Understanding precondition checks in Terraform

Updated: February 3, 2024 By: Guest Contributor Post a comment

Introduction

Terraform, an open-source infrastructure as code software tool created by HashiCorp, enables users to define and provision a datacenter infrastructure using a high-level configuration language known as HashiCorp Configuration Language (HCL) or JSON. As you dive deeper into Terraform, you’ll understand the importance of precondition checks. This tutorial will guide you through the basics to more advanced examples of precondition checks in Terraform, essential for maintaining a stable and predictable infrastructure codebase.

Getting Started with Precondition Checks

Precondition checks are conditions or validations that you place within your Terraform configuration files to ensure that the correct and expected environment is in place before your infrastructure is provisioned or updated. These checks can prevent common issues like configuration drift, unexpected resource changes, or deployment failures due to misconfigured inputs.

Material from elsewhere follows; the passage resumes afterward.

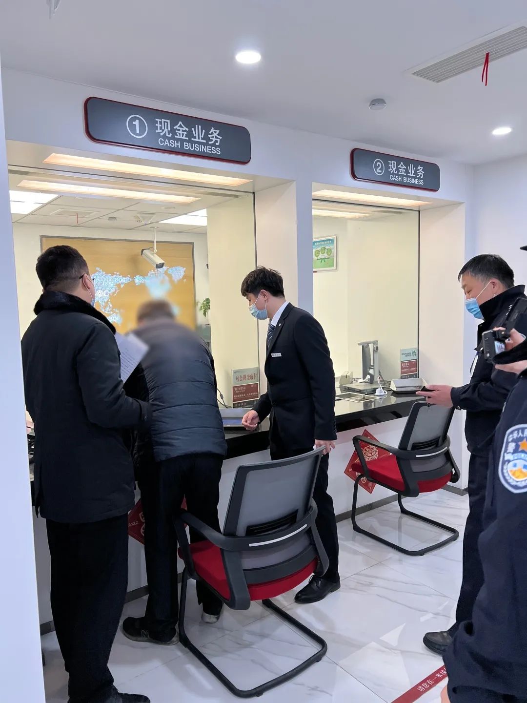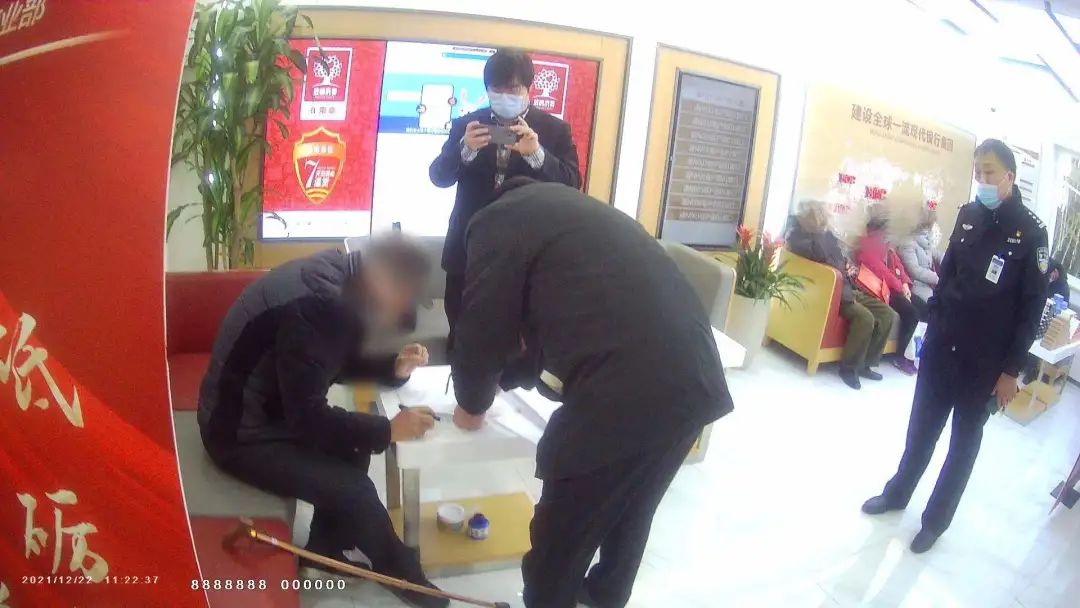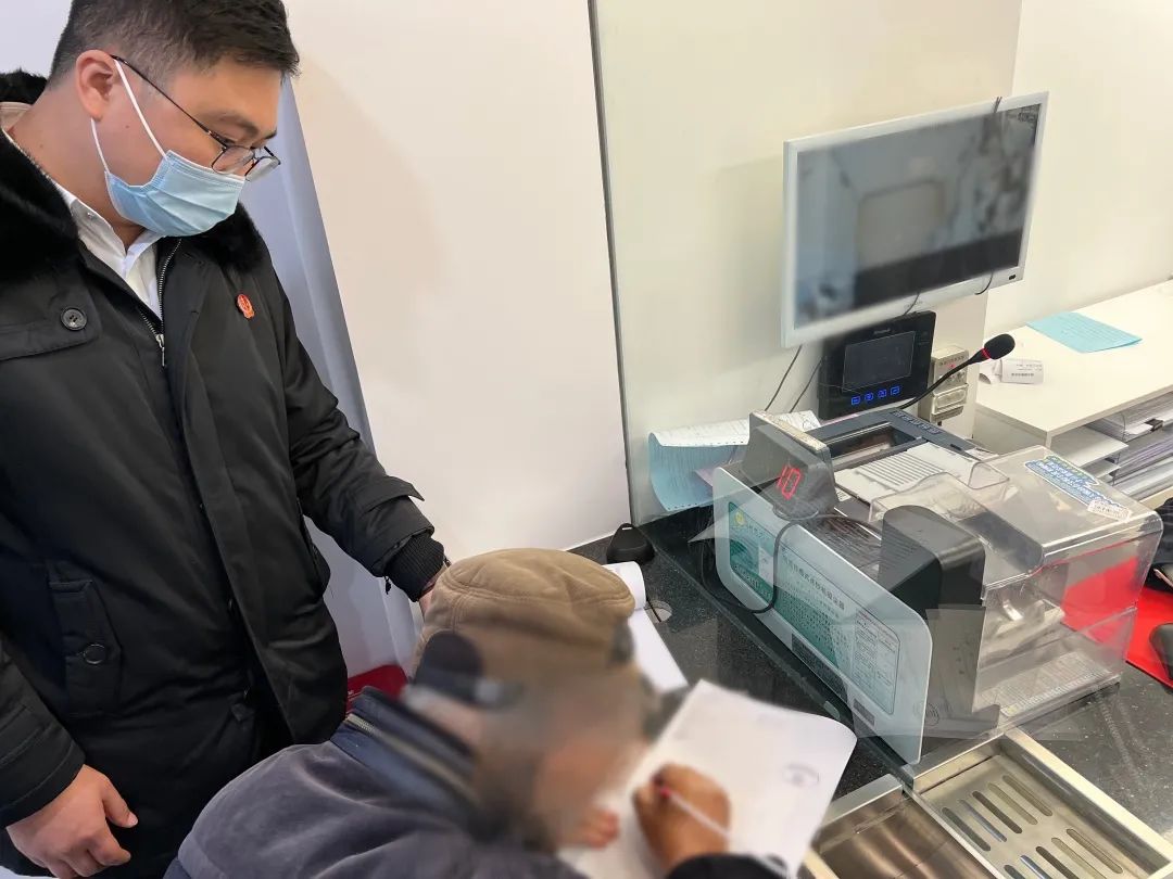 ▲协助老人填写收款信息在派出所民警的陪同下,执行局干警携带老人前往就近银行,协助其填写收款信息,成功办理领款,并将材料通过平台发往广东省茂名市电白区法院。

Basic Precondition Example

Let’s start with a basic example where we check if a required version of the Terraform CLI is used:

terraform {
  required_version = ">= 0.14"
}

This precondition ensures that you’re using at least Terraform version 0.14, avoiding potential compatibility issues with your configuration.

Precondition Checks for Resource Attributes

Next, we delve into checks that validate specific resource attributes before proceeding with the provision:

resource "aws_instance" "example" {
  ami           = var.ami_id
  instance_type = var.instance_type
  
  precondition {
    condition     = contains(["t2.micro", "t2.small"], var.instance_type)
    error_message = "The instance type must be t2.micro or t2.small."
  }
}

This block checks that the EC2 instance type specified in var.instance_type is either t2.micro or t2.small, providing a clear error message if the condition is not met.

Advanced Usage: Combining Checks

Moving towards more advanced scenarios, you can combine multiple precondition checks to validate several aspects of your infrastructure before proceeding. For example:

resource "aws_vpc" "example" {
  cidr_block = var.cidr_block
  
  precondition {
    condition     = can(regex("^10.", var.cidr_block))
    error_message = "CIDR block must start with '10.'"
  }
  precondition {
    condition     = length(split(".", var.cidr_block)) == 4
    error_message = "CIDR block must be a valid IPv4 address."
  }
}

In this advanced example, two precondition blocks are used to ensure that the CIDR block for a VPC starts with ’10.’ and is a valid IPv4 address format. These intricate checks can significantly elevate the resilience and predictability of your infrastructure deployments.

Working with Outputs in Precondition Checks

While direct support for capturing output from precondition checks in Terraform is limited, you can utilize the diagnostic features of the tool to review the results of your preconditions. For instance:

# Example of interpreting precondition check outputs manually
output "precondition_check_result" {
  value = "Check the Terraform plan output for any precondition errors."
}

This approach requires manual review of Terraform plan or apply output, helping you understand whether your preconditions passed or failed.

Conclusion

Precondition checks in Terraform are instrumental in ensuring that your infrastructure as code deployments are predictable, stable, and in line with expected configurations. From simple version constraints to more complex attribute validations, mastering these checks can significantly improve the quality and reliability of your Terraform projects.